#### [YOUR TASK]
Leaving out all pictures, give again each line exactly, from the start of the listing through the line that contains "Envoyez par email".

#### [PROVIDED DATA]

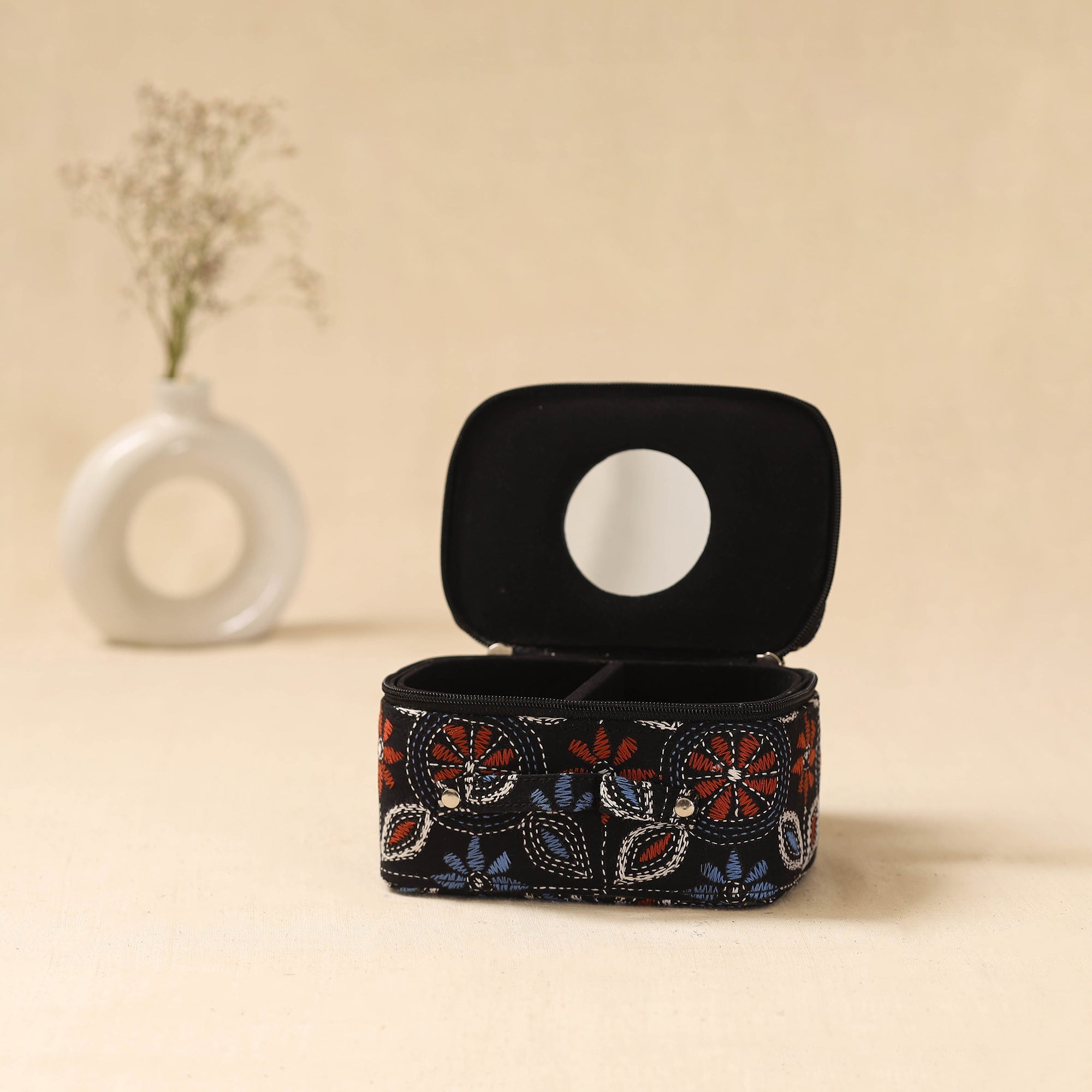 Bengal Kantha Work Handcrafted Jewellery Box with Mirror 06
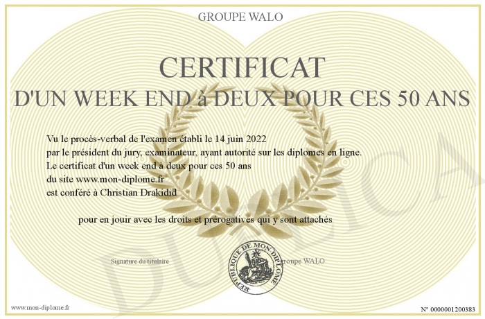 Envoyez par email votre certificat d'un week end à deux pour ces 50 ans personalisé
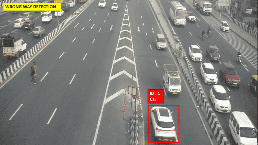 Vehicle wrong-way detection analytics provides an Intelligent Solution for traffic management by detecting vehicles going in the wrong way on the road. It sends an alarm and video feed to the central server when any vehicle moves in the wrong direction.

#### [ANSWER TO THIS PROBLEM]
 Bengal Kantha Work Handcrafted Jewellery Box with Mirror 06
 Envoyez par email votre certificat d'un week end à deux pour ces 50 ans personalisé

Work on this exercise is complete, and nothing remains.